Three of the layers carry their own story:
Vertex AI Memory Bank — episodic correction memory that changes decisions. When a maintainer dismisses one of Lore's flags, that correction is written to Memory Bank, scoped to the project. Before Lore reviews a new MR, it searches that memory — and if a maintainer previously waved off a similar case, the retrieved correction flows into the prompt as prior-decision context, and the convention's confidence drops below the gate so the flag is suppressed. A retrieved memory changes a live decision. The retrieval is similarity-based, so a dismissal on "Fix cleanup bug" surfaces on a later "Fix config bug" — something a flat lookup table can't do. And only a maintainer's correction becomes a memory (we verify the reactor's project role); a contributor's reply can never poison what Lore learns.
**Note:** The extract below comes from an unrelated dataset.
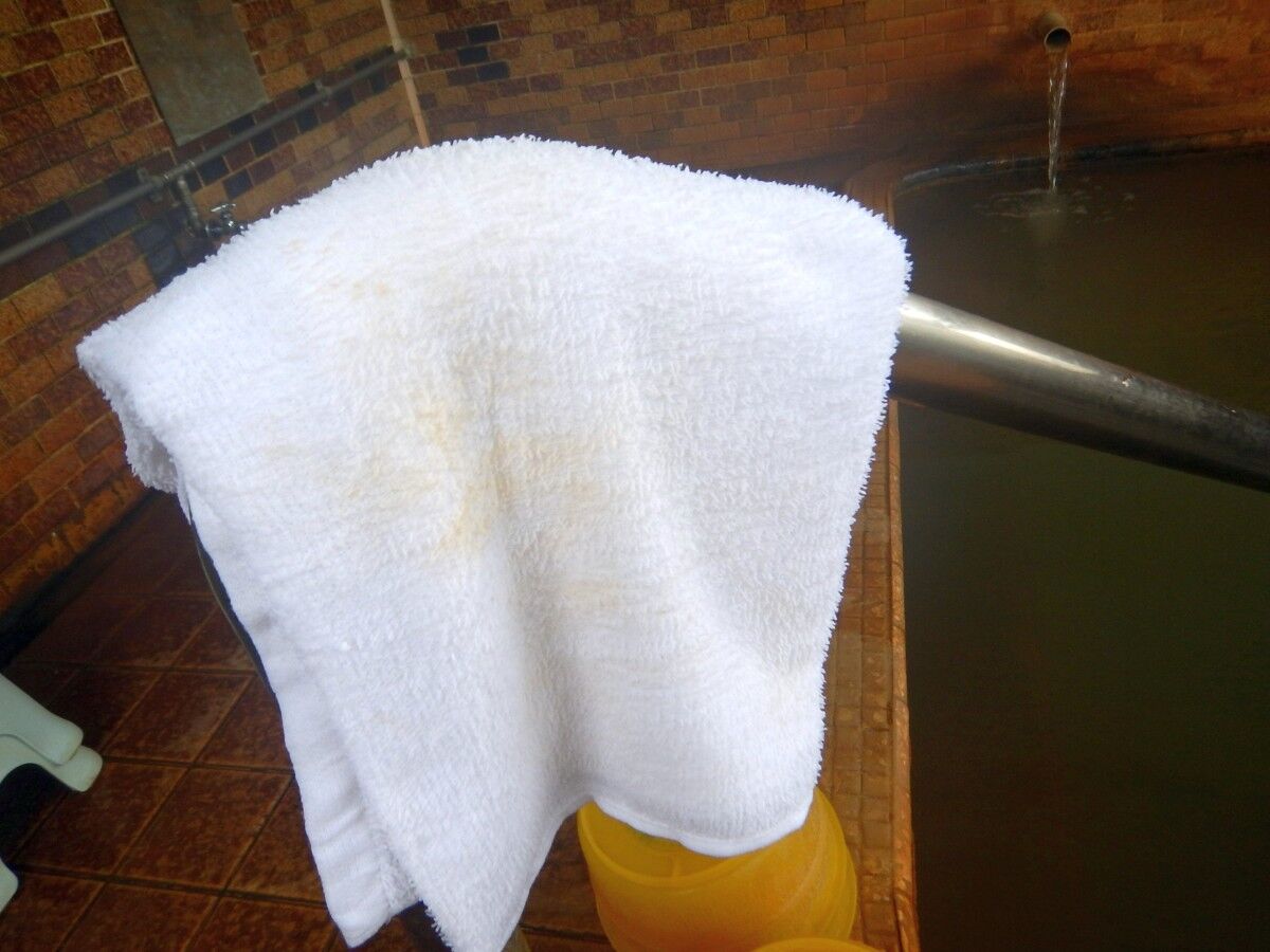 おかげで持ち込んだ白いタオルも茶褐色です。

GitLab MCP Server — two authenticated reads in the live review path. The official MCP server provides authenticated access to MR data and history. We use it for two auxiliary reads that run after the model has decided, in the orchestration layer, never touching the detection prompt's inputs: (1) when Lore cites a historical MR, it calls MCP search to fetch that MR's real title, so the thread footer carries a verified quote instead of a bare link; (2) before applying a label, it calls MCP search_labels to confirm the label exists, so Lore never claims to apply a label that silently no-ops. Both fail open — if MCP is unavailable, the review still posts. Writes that the official MCP server doesn't support — resolvable threads, label quick-actions, the summary table — go over REST, because those endpoints don't exist in the MCP toolset.
Secret Manager — credential bootstrap and rotation. The official GitLab MCP server is OAuth-only; a personal access token returns 403. We bootstrap credentials through mcp-remote and store and rotate the OAuth client ID and refresh token in Secret Manager.
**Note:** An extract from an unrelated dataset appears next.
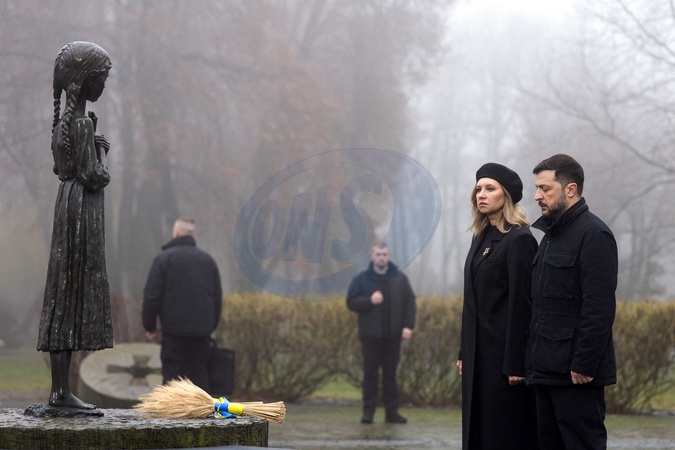 President of Ukraine Volodymyr Zelenskyy and First Lady Olena Zelenska honour the memory of the victims of the Holodomor of 1932–1933, along with the victims of mass man-made famines of 1921–1922 and 1946–1947. Laying sheaves at the Bitter Memory of Childhood monument, National Museum of the Holodomor-Genocide, Kyiv, Ukraine, 22 November 2025., Credit:Office of the President of Ukraine / Avalon

Each piece does one job, and the layers never cross — the detection diff stays on REST for determinism, MCP handles auxiliary reads, Memory Bank handles episodic recall, and conventions.json holds the learned confidence dial.
Challenges we ran into
Ground-truth circularity. When the agent found genuine violations the maintainer had never corrected, we could have reclassified them as true positives — and our headline precision would have jumped to 0.89. We didn't. That reclassification depends on our own judgment about what the maintainer "should" have flagged, which is exactly the circularity that makes a number indefensible. We publish the stricter pre-audit ground truth (precision 0.67) and treat the agent-found-extra-violations result as a footnote, not a headline.
The principle was right; the plumbing didn't match it. Late in the build, live verification on a real MR caught that the context enricher had never actually worked in production. It parsed one diff-header format (+++ b/path) while GitLab's webhook emits another (+++ path), so it had been silently returning no repository context — and because the eval harness produced the same header format, the bug was invisible in eval too. We fixed the parser; the agent now reasons about real file trees. On the holdout's test-coverage cases it correctly declines to flag — 4 of 6 add no new exported API (nothing requires a test), and 2 of 6 already ship a *_test.go file. "Context absent → silent" became "context present → judged no violation." The insight held; the wiring finally caught up to it.
Write-only is a trap. Two of our "finished" features turned out to update state that nothing read. The confidence dial was being decremented on a 👎 but the decision gate never consulted it, so "self-learning" moved a number that changed nothing. We wired the stored confidence into the gate: now, when a convention's confidence falls below 0.60, it genuinely goes quiet on the next review. (Memory Bank had the same shape of bug — writing memories nothing retrieved — until we wired its read path, above.) Verifying that a feature runs is not the same as verifying it changes a decision; we learned to test for the second.
The MCP OAuth bridge. The official GitLab MCP server is OAuth-only — a personal access token returns 403. Bootstrapping credentials through mcp-remote and rotating them via Secret Manager was the single fiddliest piece of infrastructure in the build. (The community MCP server only exposes write tools — the wrong direction entirely.)
Cold start and the timeout. A full review runs 20–25 seconds against GitLab's webhook timeout. Cloud Tasks solves it structurally: receive, enqueue, return 200 instantly, and do the real work asynchronously against /process.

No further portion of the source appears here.